→ **DATA TO USE**
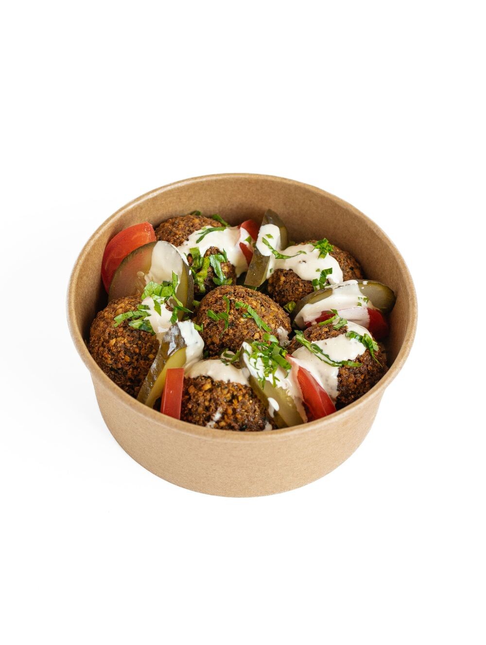 Фалафель 5 шт., томат, маринованный огурец, пекинская капуста, соус кунжутный, зелень
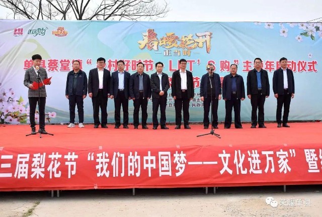 蔡堂镇党委、政府高度重视文化旅游工作,以举办梨花节为载体,通过开展一系列丰富多彩的节庆活动,吸引八方宾朋来单县观光旅游,聚集四海客商来单县投资兴业,努力让梨花节成为单县旅游新品牌、新亮点、新名片,进一步唱响我县乡村旅游文化品牌。当前,正是乡村旅游、黄河大集、新时代文明实践等活动创办的关键时期,希望蔡堂镇广大党员干部群众能够以本次活动为契机,充分利用节假日和农闲时间,经常开展丰富多彩、喜闻乐见的文体活动,构建和谐,欢乐,健康,文明的文化氛围,让党的政策在舞台上响起来、唱起来,让乡村文明在寓教于乐的活动中振兴起来!
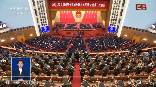 【两会视频】十四届全国人大二次会议开幕 全场高唱国歌
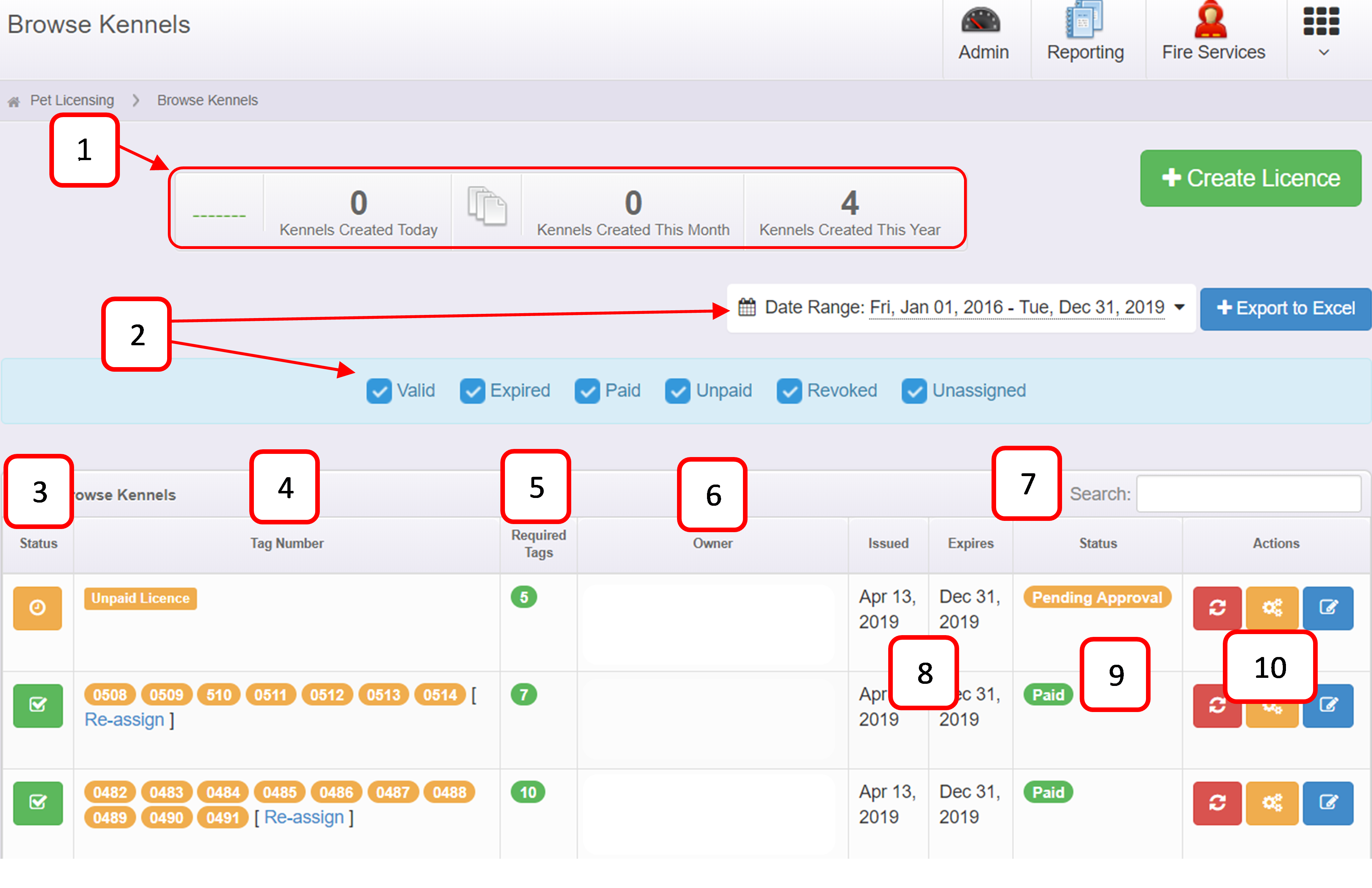 Quick view of licences created Today, This Month and This Year. Sort licences by date rage or based on status. Status – this allows you to “Hide” a pet, in the event that the pet passes away and the resident no longer requires a licence. Tag Number – ...
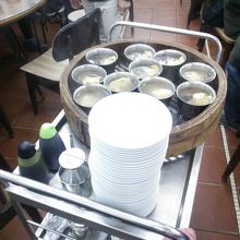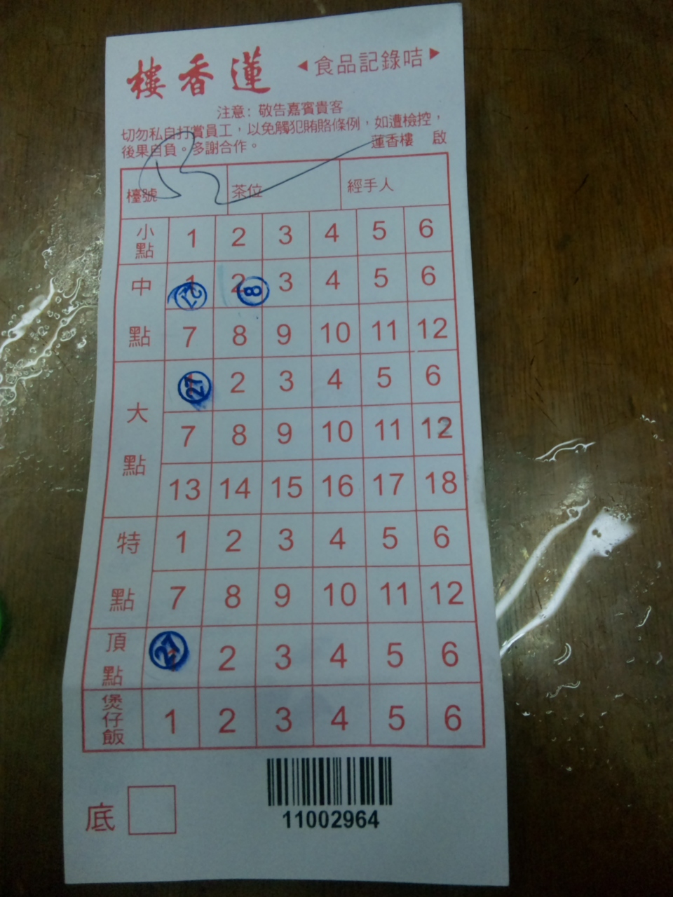 見よう見まねで、OKでした。ワゴンで運ばれてきた蒸籠やお皿の好きなものを取って、伝票にハンコウをもらいます。

→ **INSTRUCTIONS FOR THE TASK**
The required output is every line from the one containing "Quick view of" through the last line of the data above, restated exactly and without pictures.

→ **SOLUTION FOR THIS TASK**
 Quick view of licences created Today, This Month and This Year. Sort licences by date rage or based on status. Status – this allows you to “Hide” a pet, in the event that the pet passes away and the resident no longer requires a licence. Tag Number – ...
 見よう見まねで、OKでした。ワゴンで運ばれてきた蒸籠やお皿の好きなものを取って、伝票にハンコウをもらいます。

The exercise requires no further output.